6        Durch die bei der (versuchten) Auswertung wohl unabsichtlich erfolgte Vernichtung der Daten auf dem Mobiltelefon sei ein Eingriff in die subjektive Rechtssphäre des Mitbeteiligten erfolgt und sei diese als Maßnahme unmittelbarer Zwangsgewalt zu werten. Daran ändere der Umstand nichts, dass die Maßnahme ohne Wissen des Mitbeteiligten erfolgt sei. Wesentlich sei, ob das Verhalten der Organe in objektiver Weise darauf abziele, eine Duldungspflicht des Betroffenen zu bewirken, woran gegenständlich kein Zweifel bestehe (Verweis u.a. auf VwGH 15.2.2021, Ra 2019/17/0125). Die Beschwerde sei daher zulässig.

7        Die Vernichtung der Daten sei - auch wenn diese unabsichtlich erfolgt und die genaue Ursache nicht mehr feststellbar sei - jedenfalls eingetreten, als sich das (bis dahin noch funktionsfähige) Mobiltelefon in der Sphäre der Kriminalpolizei befunden habe, und sei daher dieser zuzurechnen. Sie sei rechtsgrundlos erfolgt und daher als rechtswidrig zu qualifizieren.

8        Die Revision sei zulässig, da eine Rechtsfrage von grundsätzlicher Bedeutung zu beurteilen gewesen sei, „zumal bislang eine Rechtsprechung des Verwaltungsgerichtshofes fehlt, ob die bloße Auswertung eines Mobiltelefons als Maßnahme unmittelbarer behördlicher Befehls- und Zwangsgewalt zu werten ist bzw im Rahmen der gerichtlichen Sicherstellung des Mobiltelefons der Sphäre der Staatsanwaltschaft zuzuordnen ist“.

9        Gegen dieses Erkenntnis richtet sich die vorliegende ordentliche Amtsrevision, die vom Verwaltungsgericht gemäß § 30a Abs. 6 VwGG mit der Revisionsbeantwortung des Mitbeteiligten unter Anschluss der Akten des Verfahrens vorgelegt wurde. Der Mitbeteiligte beantragte in der Revisionsbeantwortung die Zuerkennung von Aufwandersatz.

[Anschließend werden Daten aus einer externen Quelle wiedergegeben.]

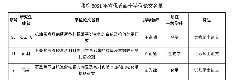近日,江西省学位办公布了2021年全省优秀博士硕士论文入选名单,金沙官网王宗德教授、卢丽敏教授、刘光斌副研究员分别指导的研究生石云飞同学、谢羽同学、马雪同学的学位论文入选为江西省优秀硕士学位论文。这充分体现了金沙官网注重研究生培养过程管理,加强研究生学位论文质量建设,切实保障了硕士学位论文质量。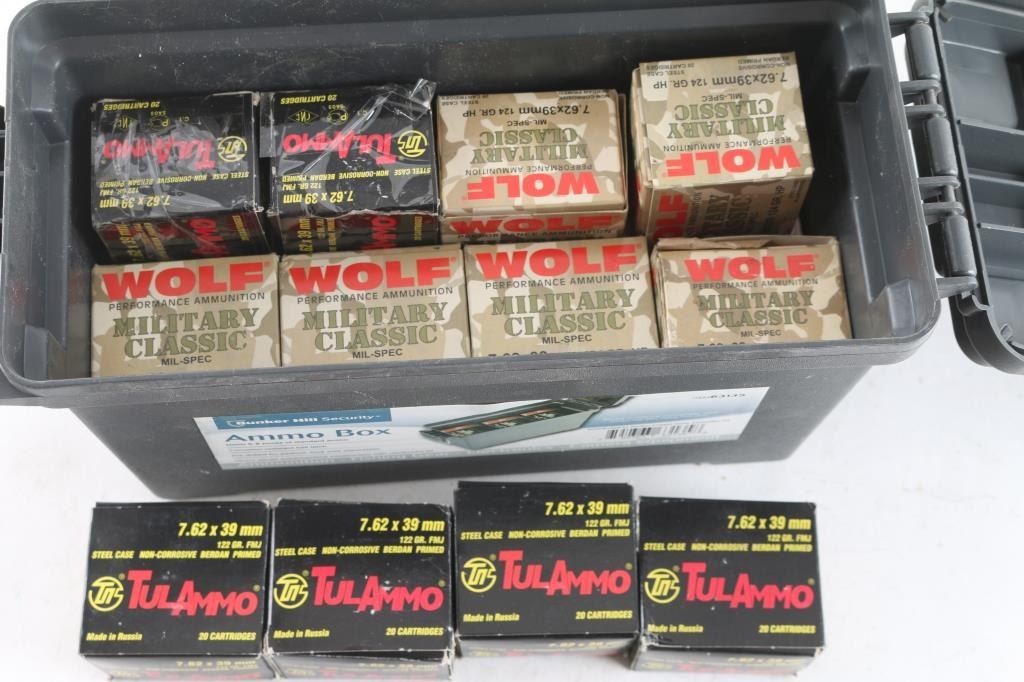 Approx. 400 rounds of factory new 7.62 X 39mm ammunition, Tula & WPA in factory boxes. All in plastic ammo can.

10       Nach Art. 133 Abs. 4 B-VG ist gegen ein Erkenntnis des Verwaltungsgerichtes die Revision zulässig, wenn sie von der Lösung einer Rechtsfrage abhängt, der grundsätzliche Bedeutung zukommt, insbesondere weil das Erkenntnis von der Rechtsprechung des Verwaltungsgerichtshofes abweicht, eine solche Rechtsprechung fehlt oder die zu lösende Rechtsfrage in der bisherigen Rechtsprechung des Verwaltungsgerichtshofes nicht einheitlich beantwortet wird.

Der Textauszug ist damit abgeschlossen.